### Data excerpt
◆ ◆ ◆ ◆

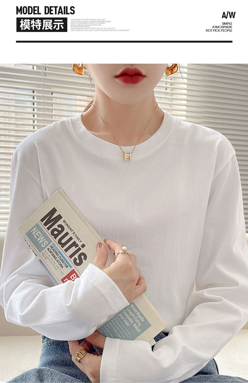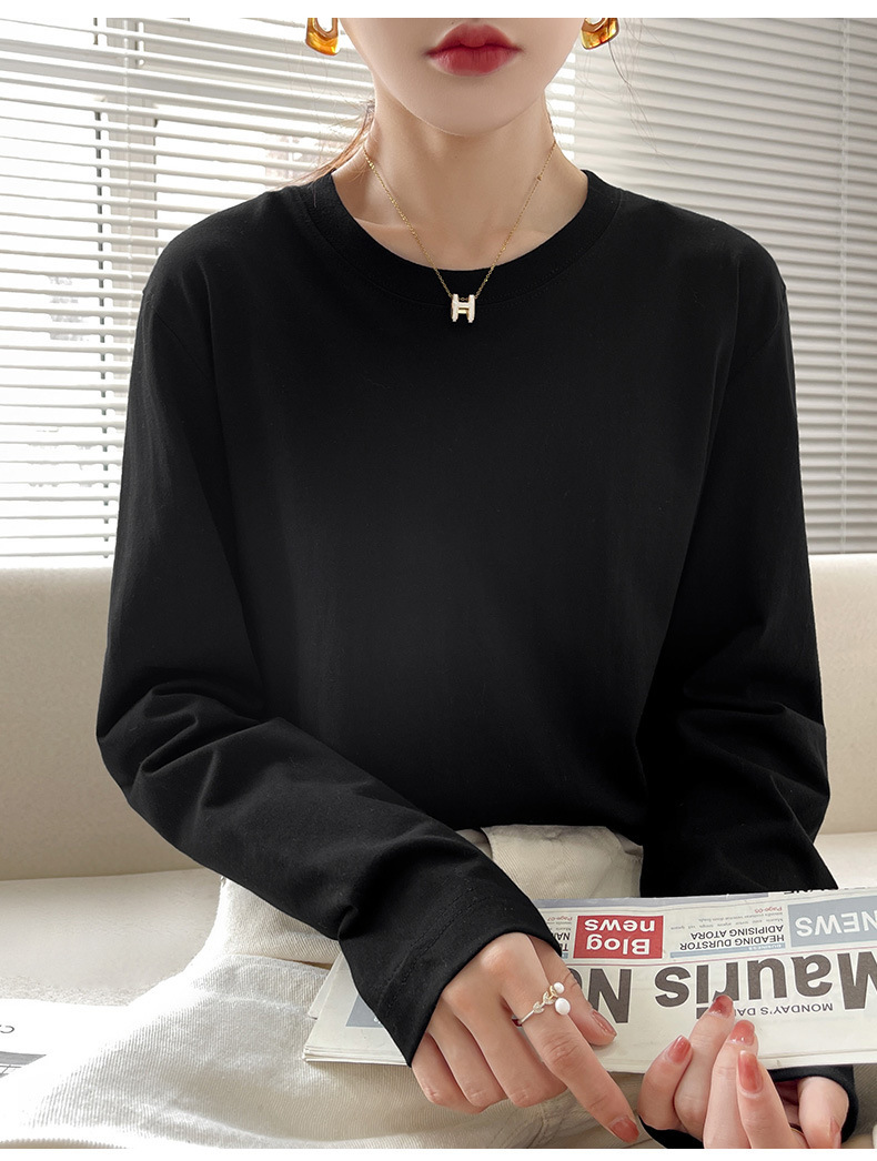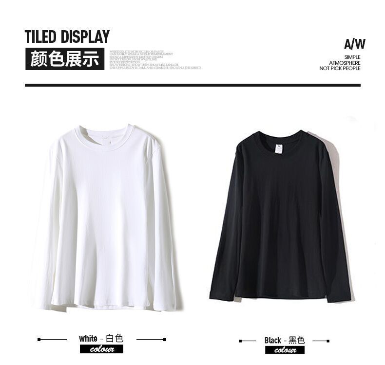 230克重磅纯棉长袖t恤女宽松上衣打底衫纯色百搭男女装t恤内搭
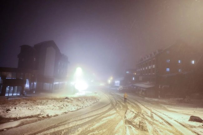 Her yıl çok sayıda yerli ve yabancı turistin ziyaret ettiği Uludağ'da yağmur, akşam saatlerinde yerini kara bıraktı.
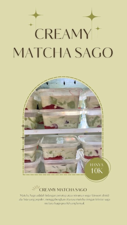 Matcha Sago adalah hidangan penutup yang menyegarkan dan memanjakan, memadukan Rasa Creamy dari Susu uht dan Susu evaporasi dan teh hijau matcha yang khas dengan tekstur kenyal dari sago (sagu mutiara). Selain Sagu mutiara, ada campuran silky pudding matcha dan nutrijel yang sangat memanjakan mulut.
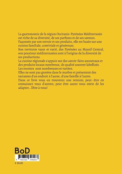 La gastronomie de la région Occitanie-Pyrénées Méditerranée est riche de sa diversité, de ses parfums et de ses saveurs.Façonnée par son terroir et ses produits, elle est basée sur une cuisine familiale, conviviale et généreuse.Son territoire vaste et varié, des Pyrénées au Massif Central, son pourtour méditerranéen sont à l'origine de la diversité de ses productions.La cuisine régionale s'appuie sur des savoir-faire ancestraux et des produits locaux nombreux, de qualité souvent labellisés.Les recettes sont nombreuses et variées. Elles ne sont pas gravées dans le marbre et présentent des variantes d'un endroit à l'autre, d'une famille à l'autre.Dans ce livre vous en trouverez une version; peut-être en connaissez vous d'autres; peut être aurez vous envie de les adapter...libre à vous!

◆ ◆ ◆ ◆

### What to produce
Write out exactly the lines above, from the very first through the line containing "Matcha Sago adalah", both kept, with the pictures removed.

### Output
 230克重磅纯棉长袖t恤女宽松上衣打底衫纯色百搭男女装t恤内搭
 Her yıl çok sayıda yerli ve yabancı turistin ziyaret ettiği Uludağ'da yağmur, akşam saatlerinde yerini kara bıraktı.
 Matcha Sago adalah hidangan penutup yang menyegarkan dan memanjakan, memadukan Rasa Creamy dari Susu uht dan Susu evaporasi dan teh hijau matcha yang khas dengan tekstur kenyal dari sago (sagu mutiara). Selain Sagu mutiara, ada campuran silky pudding matcha dan nutrijel yang sangat memanjakan mulut.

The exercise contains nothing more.